Searching for the possible effect of pre-ICU variables on IMV, we found that only respiratory infections and complications impacted this outcome in both men and women with somewhat greater effects in women. Older age-related to slightly lower risk probably because of bias according to triage concepts. Transfer from the emergency department related to greatly reduced risk in men while a transfer for post-interventional monitoring slightly decreased risk of IMV in women only.
Diabetes was not independently related to IMV or death in our study, neither in men nor women. Other recent studies also showed that in patients with diabetes, the male sex bias vanished. In COVID-19, especially women with type 2 diabetes appear to lose their female biological advantage resulting in comparable death rates to those of men [22,23]. A multicentre study from Austria, including hospitalised COVID-19 patients with prediabetes, DM1, or DM2, found that neither sex nor BMI were risk factors for mortality [24].
Men presented at ICU with better performance in the Glasgow Coma Scale, showing more often spontaneous eye responses and oriented verbal as well as precise motor responses. Regarding these measurements, presentation of vital signs, available laboratory parameters, or treatments at ICU, we found some sex-dimorph data as shown in Table 2, but these variables were not selected amongst the most explanatory variables regarding outcome parameters.

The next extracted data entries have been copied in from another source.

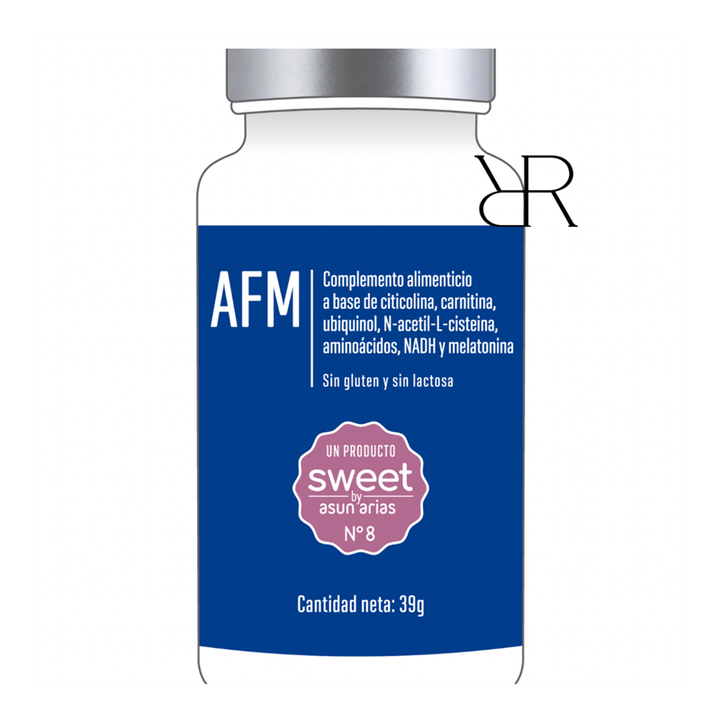 SWEET BY ASUN ARIAS Nº8 AFM es un suplemento nutricional 4 en 1 diseñado para potenciar la energía física y mental, proteger las conexiones neuronales y reducir la inflamación de bajo grado, causa principal del envejecimiento. Ideal para deportistas, estudiantes, personas con deterioro cognitivo y quienes buscan optimizar su rendimiento diario.
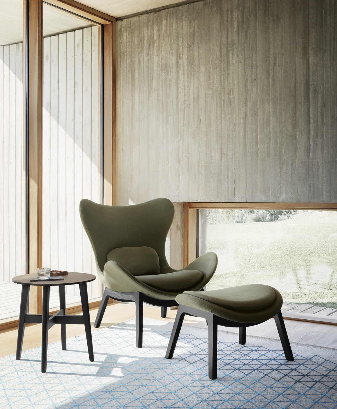 LAZY ist der Sessel mit geschwungenen Linien und einer großen, einladenden Sitzfläche, der Sie in Ihren Momenten der Entspannung begleitet.
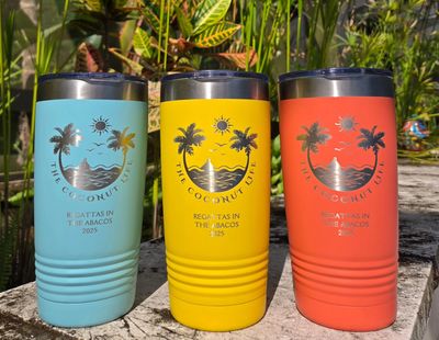 These insulated tumblers were custom-made for our favorite kind of summer days—salty, breezy, and best enjoyed with a cold drink in hand. Created for a special sailing tradition, Regattas in The Abacos, they're now available in limited supply for those who meant to come or partied too hard to keep track.
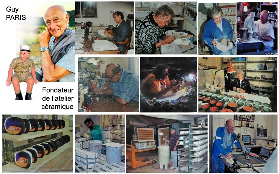 Guy Paris, a graduate of the Marseille School of Fine Arts, was employed in 1957 by the Institution for Invalids of the Foreign Legion (IILE) in Puyloubier after his military service in Morocco and Algeria. He was tasked with creating a ceramics workshop for the benefit of the disabled residents. Intended for a short term, he remained there until 2000. Under his direction, the ceramics workshop was established, and little by little, with patience and generosity, he achieved the remarkable feat of transforming our former legionnaires, scarred by war, into santon makers and ceramic artisans. Mr. Paris became a pillar of the Institution.
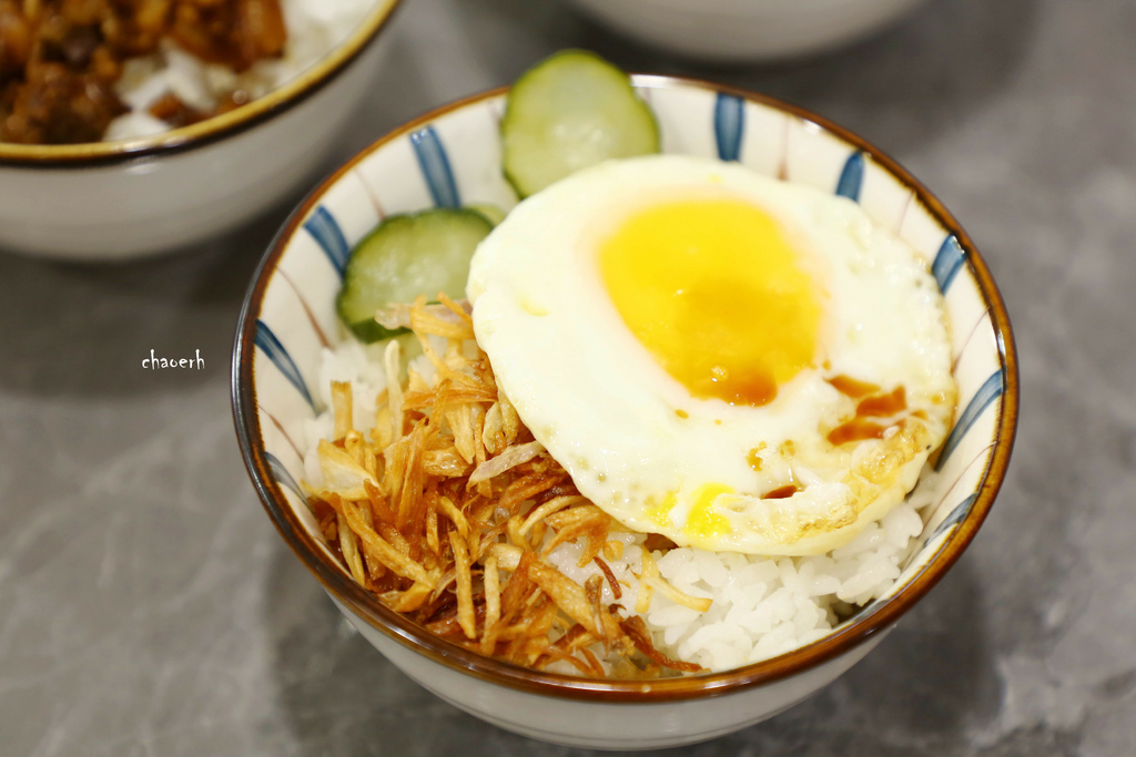 上頭有太陽蛋、油蔥酥、醃漬小黃瓜,添加豬油讓白飯更香
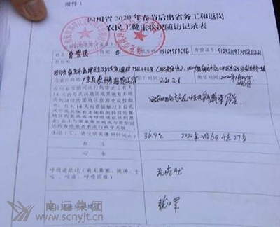 每位乘客的《四川省2020年春節(jié)后出省務工和返崗農民工健康狀況隨訪記錄表》
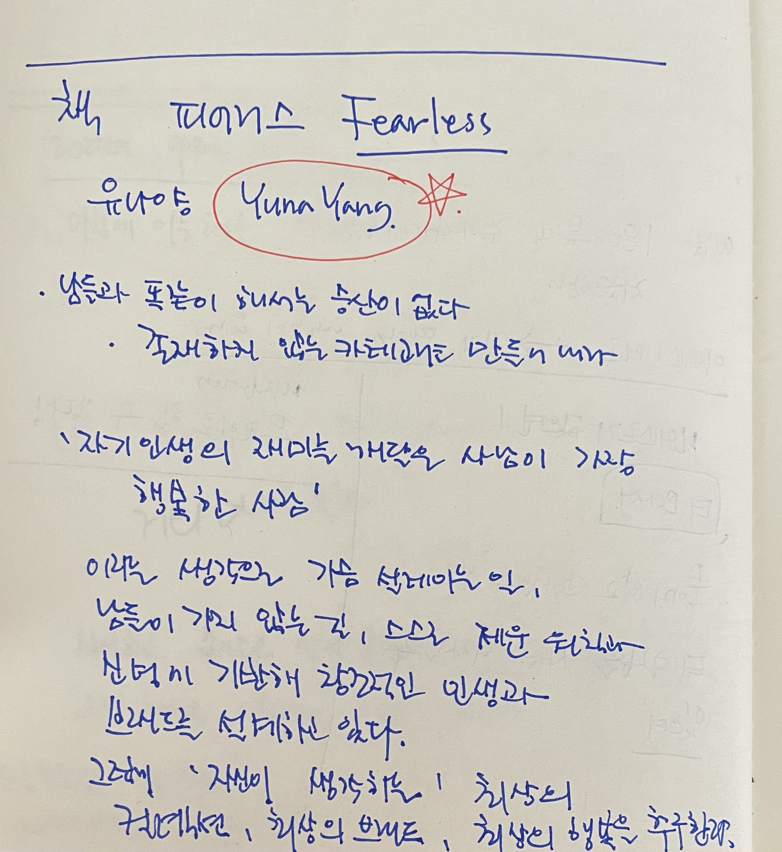 읽으면서 운명이라고 생각해 그렇게 적어 넣었다.
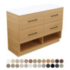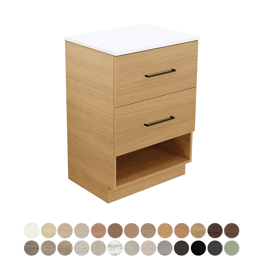 The Australian made Kassi vanity blends the perfect combination of design and function with large drawers and an open bottom shelf for convenient storage. The open design captures an airy feel that is ideal for bathrooms or ensuites to amplify the space.
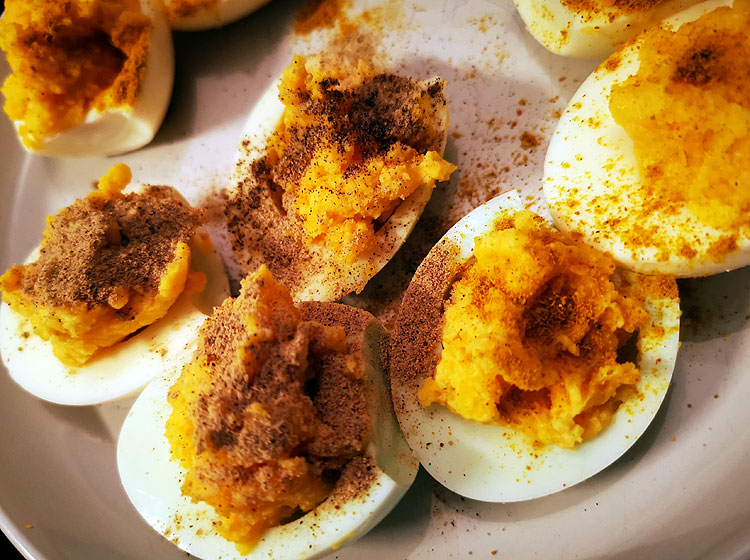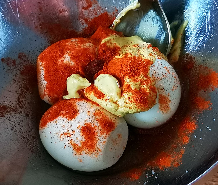 На 4 яйца нужна 1-2 столовые ложки лимонного сока. 1 столовая ложка растительного масла. 1 столовая ложка воды 1 столовая ложка с горкой горчицы. пара зубчиков чеснока -- через чеснокодавку. Соль, сахар (сахарозам), перец по вкусу. (Например, всего по чайной ложке)
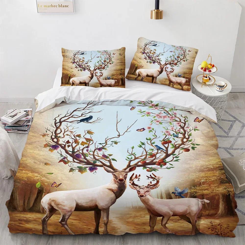 Комплект постельного белья с изображением оленя, с рисунком диких животных и цветов, комплект постельного белья из полиэстера, двуспальная кровать, односпальная кровать, полный размер, покрывало для детей, мальчиков и девочек
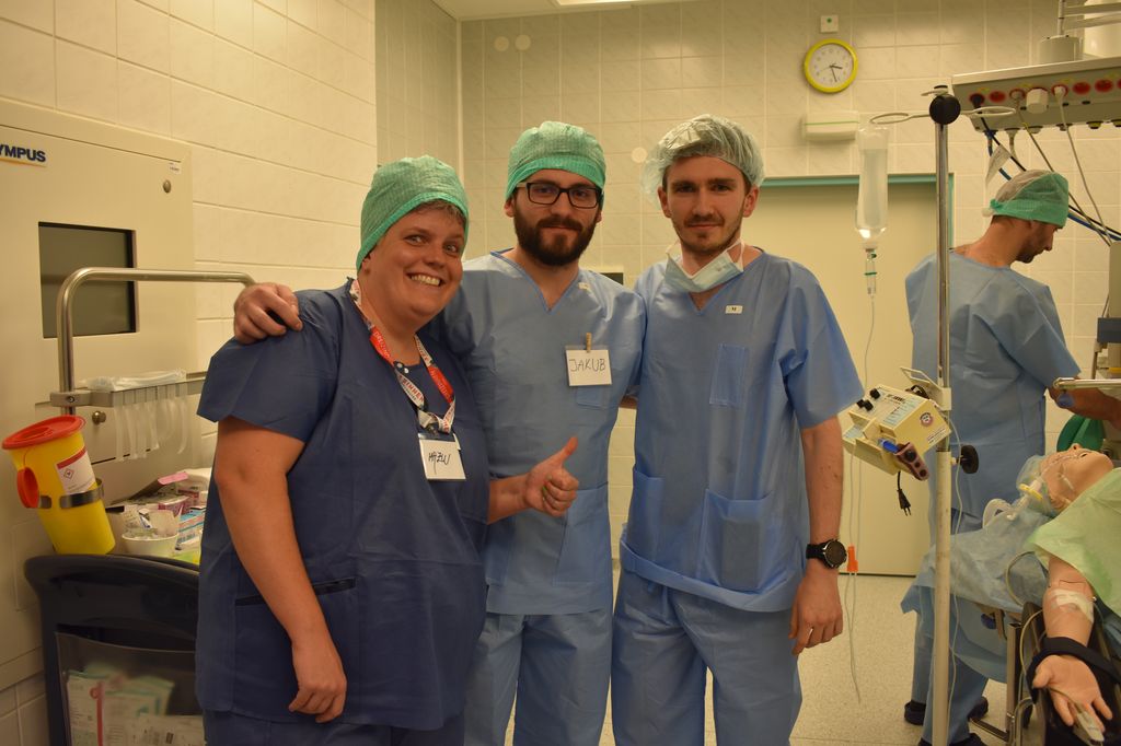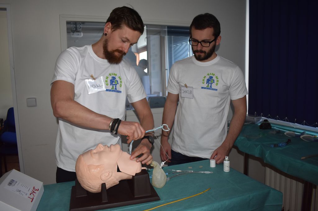 Letošní novinkou byl praktický nácvik celého spektra technik při obtížném zajištění dýchacích cest tzv. „difficult airway“, a to včetně fibroskopické intubace. Následně se simulační centrum proměnilo v urgentní příjem, kde měli posluchači vzápětí možnost své nabyté teoretické a praktické znalosti aplikovat během simulací klinických situací, jejichž součástí byla právě i difficult airway.
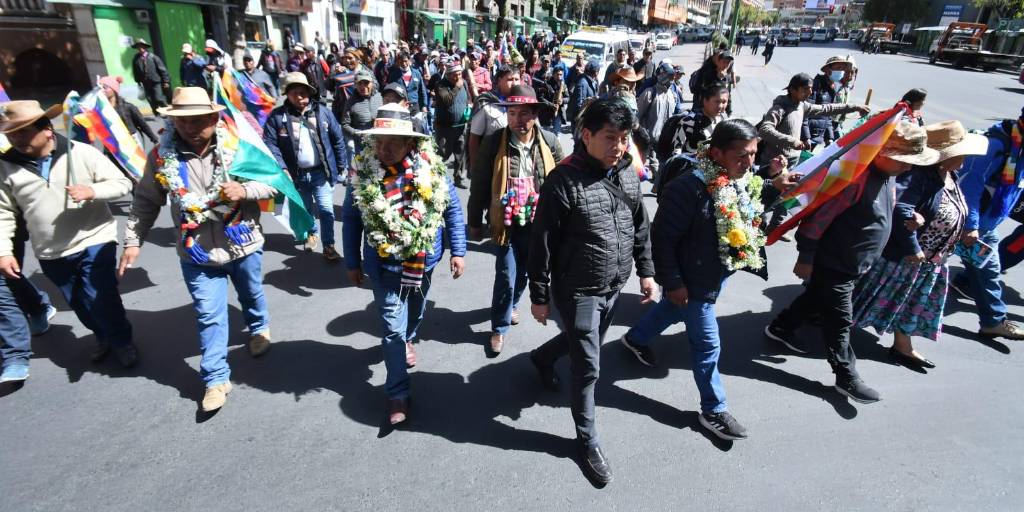 [Foto: APG] / Marcha del sector afín al ‘evismo’ que se opone a la nueva dirigencia de la CSUTCB
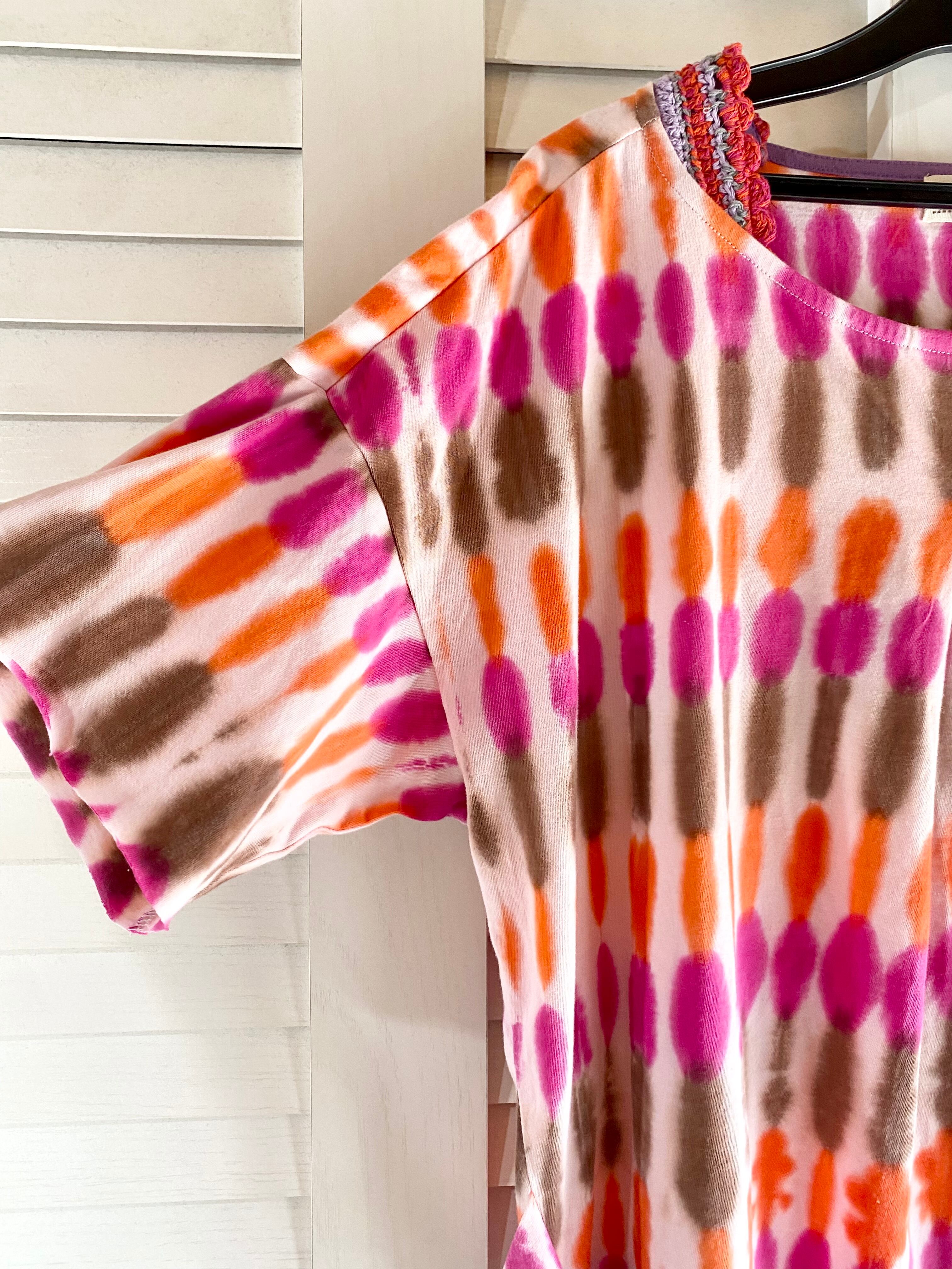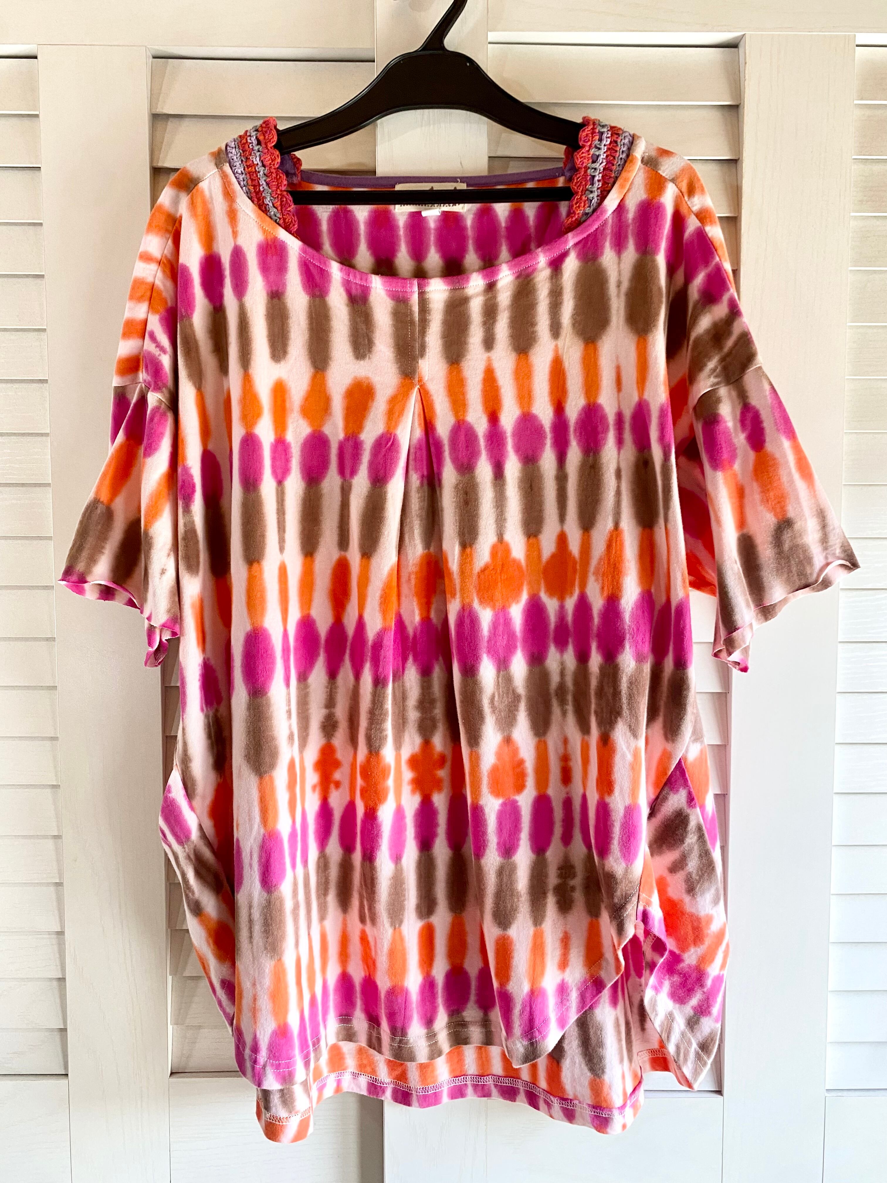 #46 TITICACA タイダイ染め&カギ編みショルダー センタータックデザイン オーバーサイズカットソー ピンクオレンジ
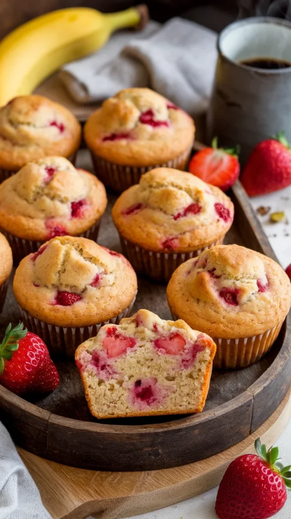 Because it’s basically banana bread’s cooler cousin—faster, cuter, and portable. No slices. No forks. Just grab-and-go fruity goodness. The bananas make the muffins naturally moist, the strawberries add juicy pops of flavor, and the whole thing tastes like a bakery treat without you mortgaging your soul at a hipster coffee shop. It’s also a one-bowl recipe (fewer dishes = more life joy). Honestly, it’s idiot-proof—if I didn’t burn it, you probably won’t either.
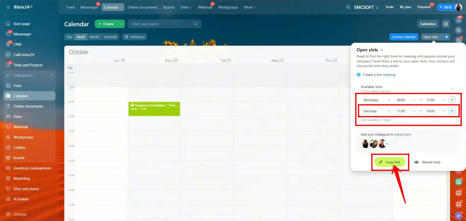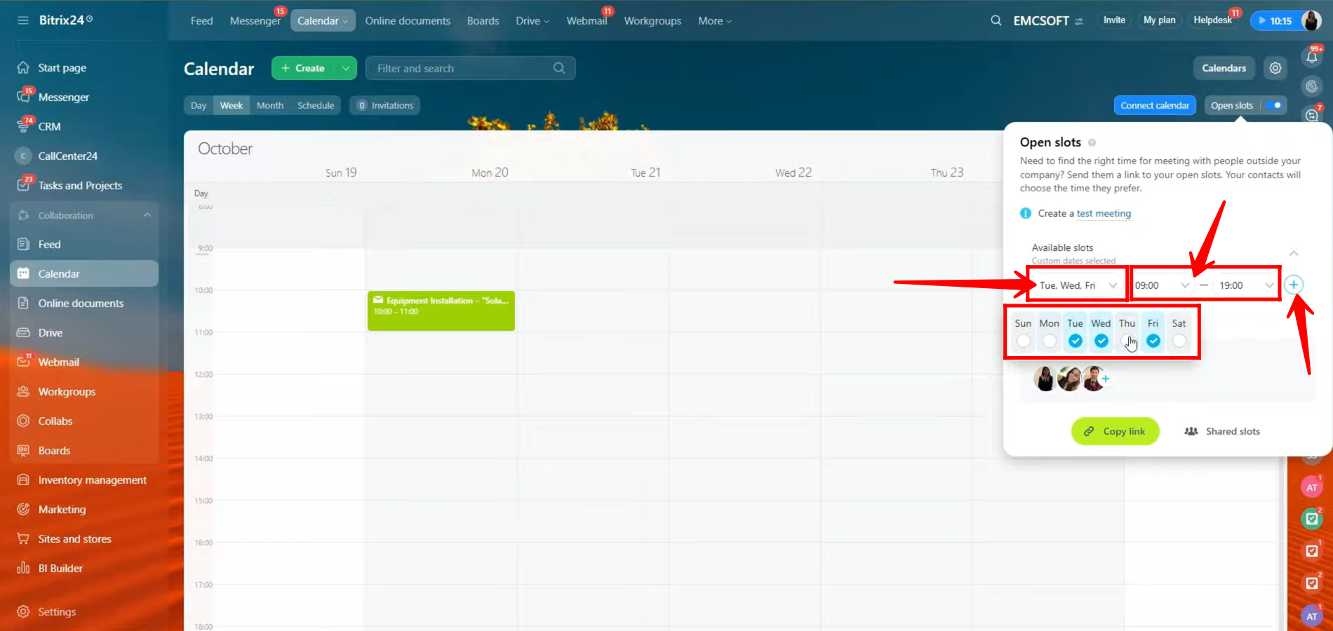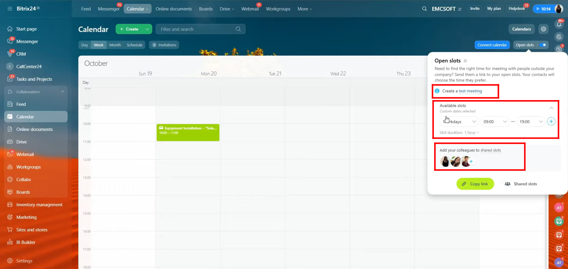 19. You can now create a test meeting to verify how the open slots feature works. While setting it up, you can also add your colleagues to the shared calendar so they can be part of the available slots as well.

Overall, we found these variables to be poor predictors of the outcomes, with sensitivities of around 25% in the risk prediction for mechanical breathing and between 40–50% for mortality. This means that only around one-fourth to half of these outcomes could have been predicted based on the available information at admission. We conducted several analyses that, for instance, used more or fewer variables or also included information recorded already during the stay but did not find a substantial increase in model quality during these analyses.
Therefore, in light of these findings as well as of existing controversial results [14,18,25,26,27], more research is necessary to further explore associations between sex and mortality and to perform sex-disaggregated analysis, especially among ICU patients. The gap in the literature highlights that sex is still an underappreciated parameter when requesting outcomes of patients with confirmed COVID-19 disease. However, better knowledge of sex-specific risks and possible disparities is important for precision medicine and the continuing public health response to this pandemic.
Author Contributions
Conceptualization, P.K. and A.K.-W.; methodology, M.K., S.D.L., P.K.; validation, M.K. and S.D.L.; formal analysis M.K. and S.D.L.; investigation, A.K.-W. and M.L.; writing—original draft preparation, A.K.-W., P.K.; writing—review and editing, A.K.-W., M.K., S.D.L., M.L., S.T. and P.K.; funding acquisition, A.K.-W. and P.K. All authors have read and agreed to the published version of the manuscript.
Funding
This work was supported by the Medical-Scientific Fund of the Mayor of Vienna (grant number CoVid004) and the GENDER-NET Plus ERA-NET Cofund project GOING-FWD.
Institutional Review Board Statement
This research project was approved by the Austrian COVID-19 Data Platform under #02/2020.
Informed Consent Statement
Patient consent was not applicable due to the secondary use of anonymized administrative data.
Data Availability Statement
The data can be made available to accredited institutions via the Austrian COVID-19 Data Platform accessible under https://datenplattform-covid.goeg.at/.
Conflicts of Interest
The authors declare no conflict of interest.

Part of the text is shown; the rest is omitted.